• **Recorded information**
::::::::

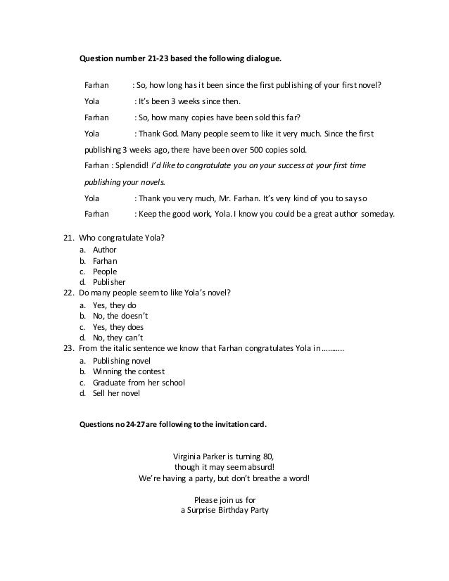 Latihan Soal Ukk Pat Bahasa Inggris Kelas Viii Dimensi
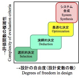 つまり、設計とは、与えられた制約条件の中で、複数の評価尺度を、なるべく最大化するような設計変数の組を見つける作業である、ととらえることができる。ORの分野の用語でいいかえると、設計とは多目的最適化問題なのである。
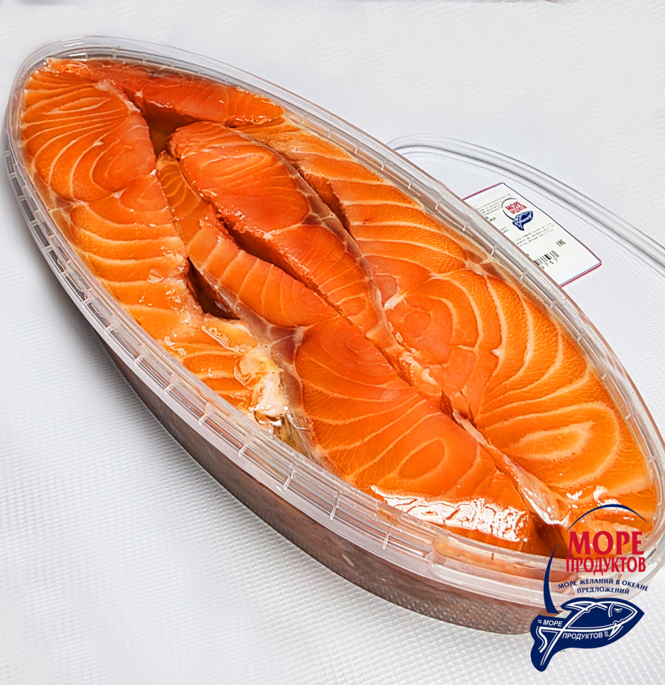 Лосось атл. ломтики крупные в масле вес 1кг.

::::::::

• **About this task**
Reproduce the data above in full, exactly as it is, with the pictures left out.

• **Answer section**
 Latihan Soal Ukk Pat Bahasa Inggris Kelas Viii Dimensi
 つまり、設計とは、与えられた制約条件の中で、複数の評価尺度を、なるべく最大化するような設計変数の組を見つける作業である、ととらえることができる。ORの分野の用語でいいかえると、設計とは多目的最適化問題なのである。
 Лосось атл. ломтики крупные в масле вес 1кг.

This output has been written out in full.